■ Task requirements ■
Please repeat, exactly and without pictures, the lines of the entries below that run from the one containing "1,305m에서 544m로 내려가는" through the one containing "大通鋼結構烤漆款標準工地大門(款式二)規格參數 如下圖".

■ Exercise materials ■
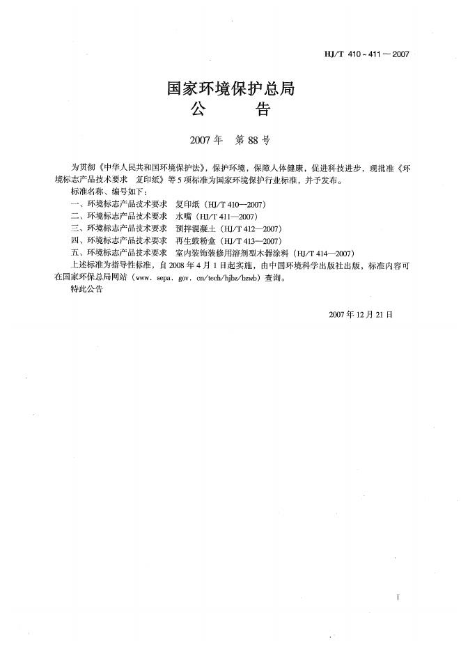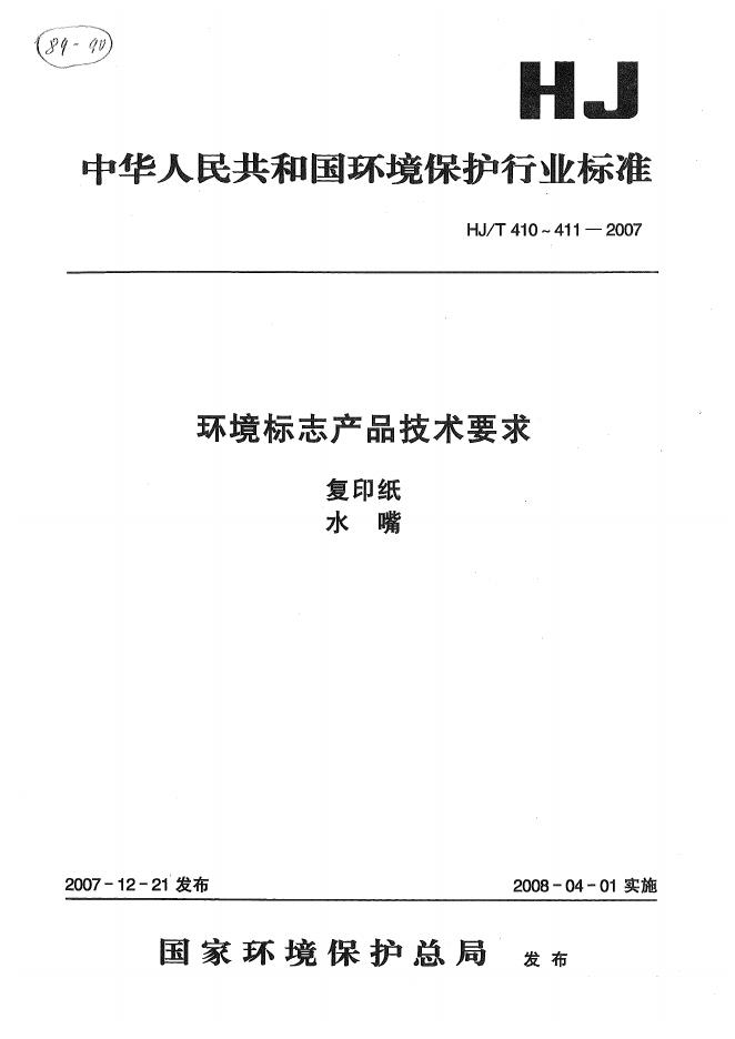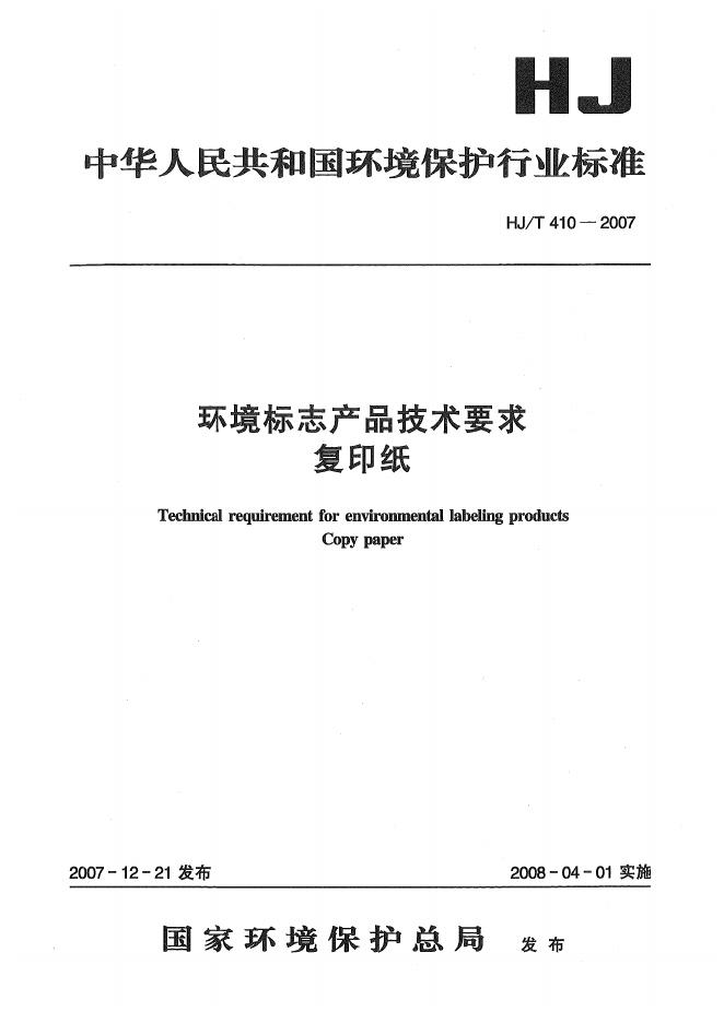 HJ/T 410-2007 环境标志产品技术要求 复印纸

---

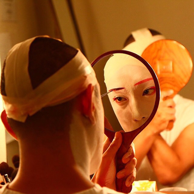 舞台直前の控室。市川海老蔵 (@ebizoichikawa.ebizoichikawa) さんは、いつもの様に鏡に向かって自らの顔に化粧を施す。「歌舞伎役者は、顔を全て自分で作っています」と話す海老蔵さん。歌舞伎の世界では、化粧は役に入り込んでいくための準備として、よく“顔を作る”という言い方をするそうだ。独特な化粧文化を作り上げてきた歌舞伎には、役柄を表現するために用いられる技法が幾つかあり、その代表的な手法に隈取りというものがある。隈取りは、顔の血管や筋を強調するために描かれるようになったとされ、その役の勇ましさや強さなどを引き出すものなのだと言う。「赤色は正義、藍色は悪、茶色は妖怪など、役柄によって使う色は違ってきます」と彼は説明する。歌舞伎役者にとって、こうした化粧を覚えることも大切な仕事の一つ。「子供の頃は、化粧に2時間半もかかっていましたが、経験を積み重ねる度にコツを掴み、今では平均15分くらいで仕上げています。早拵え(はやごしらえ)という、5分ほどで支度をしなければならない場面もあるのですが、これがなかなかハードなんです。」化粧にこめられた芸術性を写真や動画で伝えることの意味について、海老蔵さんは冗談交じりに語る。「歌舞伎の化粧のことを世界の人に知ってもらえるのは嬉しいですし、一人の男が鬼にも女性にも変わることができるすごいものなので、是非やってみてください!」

==

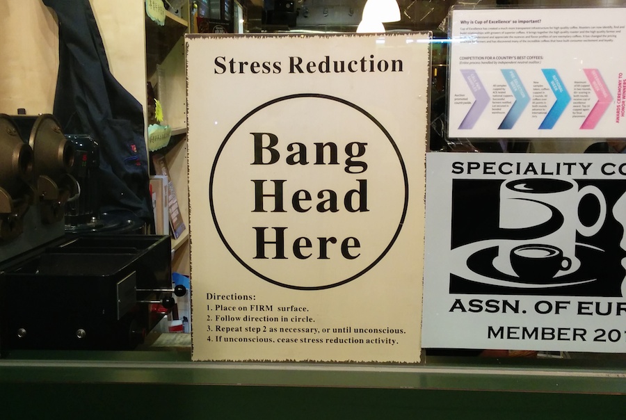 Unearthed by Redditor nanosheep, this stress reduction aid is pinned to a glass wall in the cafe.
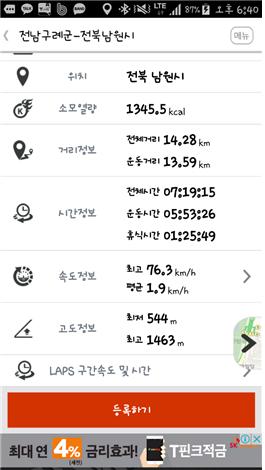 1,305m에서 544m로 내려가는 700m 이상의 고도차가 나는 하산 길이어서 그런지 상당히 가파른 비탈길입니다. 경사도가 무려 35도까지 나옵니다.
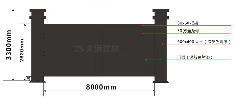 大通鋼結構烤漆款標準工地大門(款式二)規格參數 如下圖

■ Task output ■
 1,305m에서 544m로 내려가는 700m 이상의 고도차가 나는 하산 길이어서 그런지 상당히 가파른 비탈길입니다. 경사도가 무려 35도까지 나옵니다.
 大通鋼結構烤漆款標準工地大門(款式二)規格參數 如下圖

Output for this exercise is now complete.